I have a string in which I need to add a '\' in front of every '[' or ']', except if the brackets enclose an x like this: '[x]'. In the other cases, the brackets will always enclose a number.
Example:
'Foo[123].bar[x]' should become 'Foo\[123\].bar[x]'.
What is the best way to achieve this? Thanks a lot on beforehand.
Something like this ought to work:
>>> import re
>>>
>>> re.sub(r'\[(\d+)\]', r'\[\1\]', 'Foo[123].bar[x]')
'Foo\\[123\\].bar[x]'
You can do it without reaching for regexs like this:
s.replace('[', '\[').replace(']', '\]').replace('\[x\]', '[x]')
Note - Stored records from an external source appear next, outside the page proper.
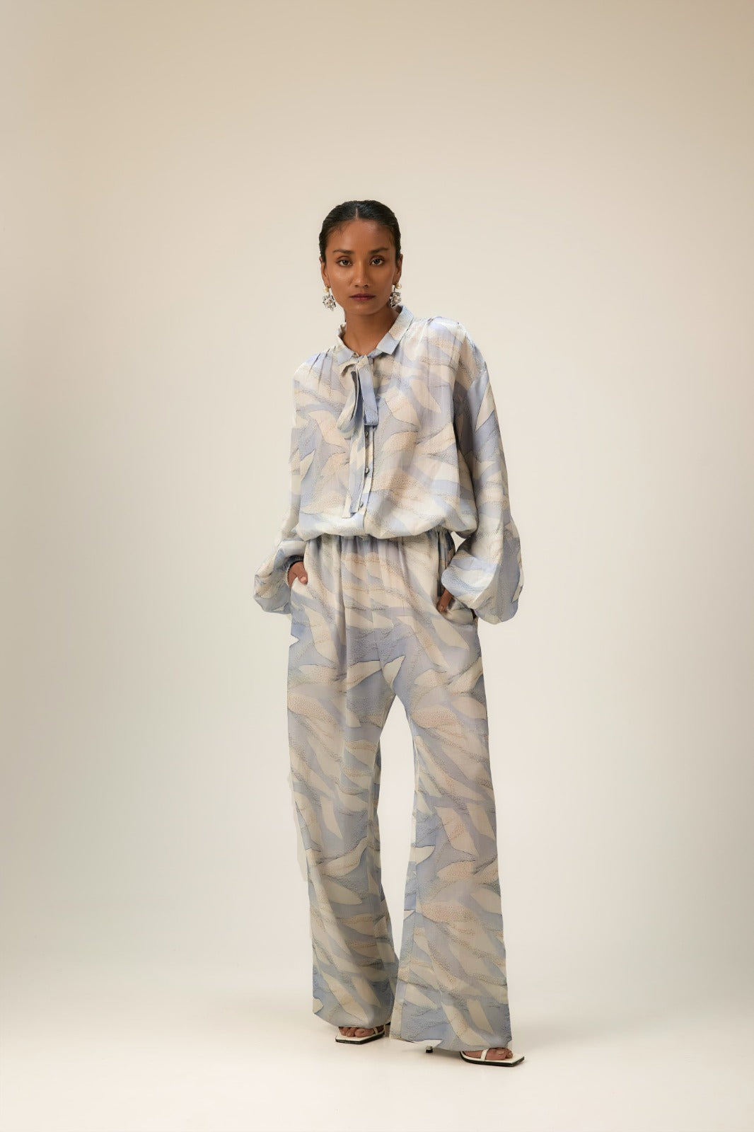 This elegant jumpsuit features a relaxed button-down top, billowy sleeves, and wide-leg pants. The soft abstract print and cinched waist create a fluid silhouette, perfect for resort wear or effortless daytime styling.
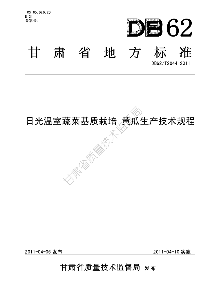 DB62/T 2044-2011 日光温室蔬菜基质栽培 黄瓜生产技术规程
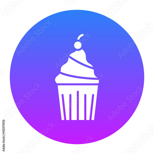 cupcake, dessert, sweet, baked, treat, party, icing, small, icon, vector, illustration
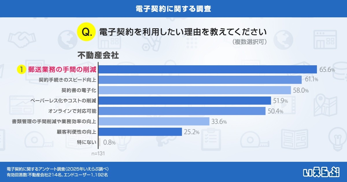 電子契約を「利用したい」と回答した不動産会社(※5)に対し、利用したい理由を尋ねたところ、最も多かったのは「郵送業務の手間を削減したい」(65.5%)、次いで「契約業務のスピードを向上させたい」(61.1%)、「契約書を電子化したい」(58.0%)という結果となりました。
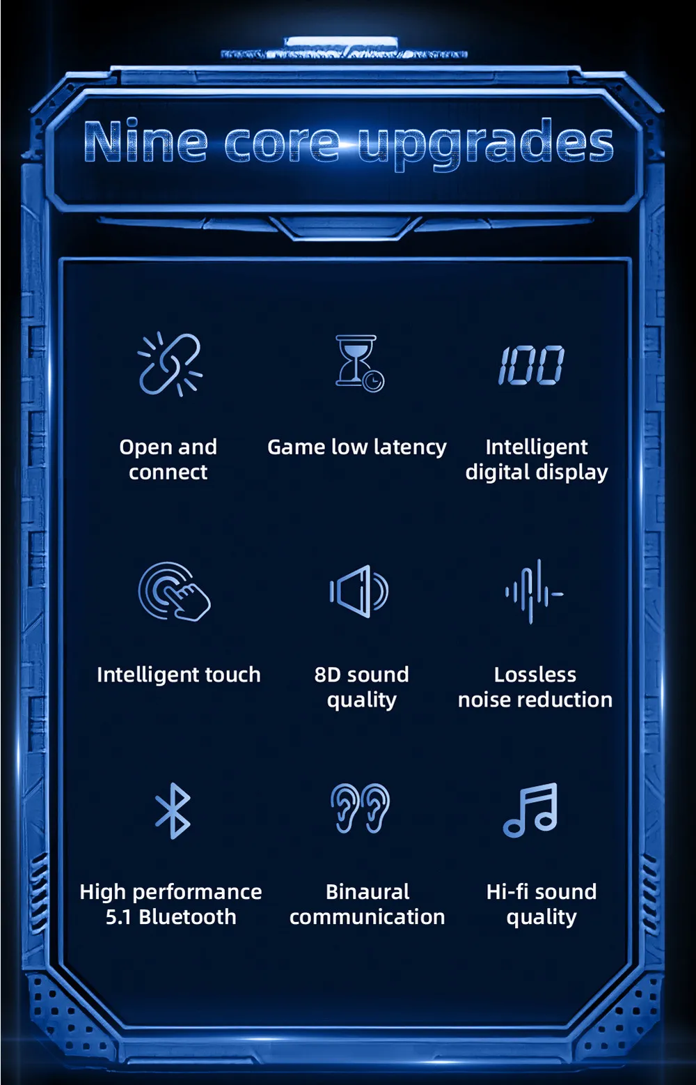 True wireless, binaural call 2. Digital battery display, 3, touch function 4. True copper ring speaker sound quality

'Foo[123].bar[x]zzzzz'*100000, 2M characters long, I find that re.sub takes 250 ms (even making sure the pattern is compiled) whereas the replace only takes 36 ms.
A different approach, just put a slash before [] only if they aren't followed by x] or preceded by [x .
result = re.sub(r"(\[(?!x\])|(?<!\[x)\])", r"\\\1", subject)
Explanation:
# (\[(?!x\])|(?<!\[x)\])
#
# Match the regular expression below and capture its match into backreference number 1 «(\[(?!x\])|(?<!\[x)\])»
# Match either the regular expression below (attempting the next alternative only if this one fails) «\[(?!x\])»
# Match the character “[” literally «\[»
# Assert that it is impossible to match the regex below starting at this position (negative lookahead) «(?!x\])»
# Match the character “x” literally «x»
# Match the character “]” literally «\]»
# Or match regular expression number 2 below (the entire group fails if this one fails to match) «(?<!\[x)\]»
# Assert that it is impossible to match the regex below with the match ending at this position (negative lookbehind) «(?<!\[x)»
# Match the character “[” literally «\[»
# Match the character “x” literally «x»
# Match the character “]” literally «\]»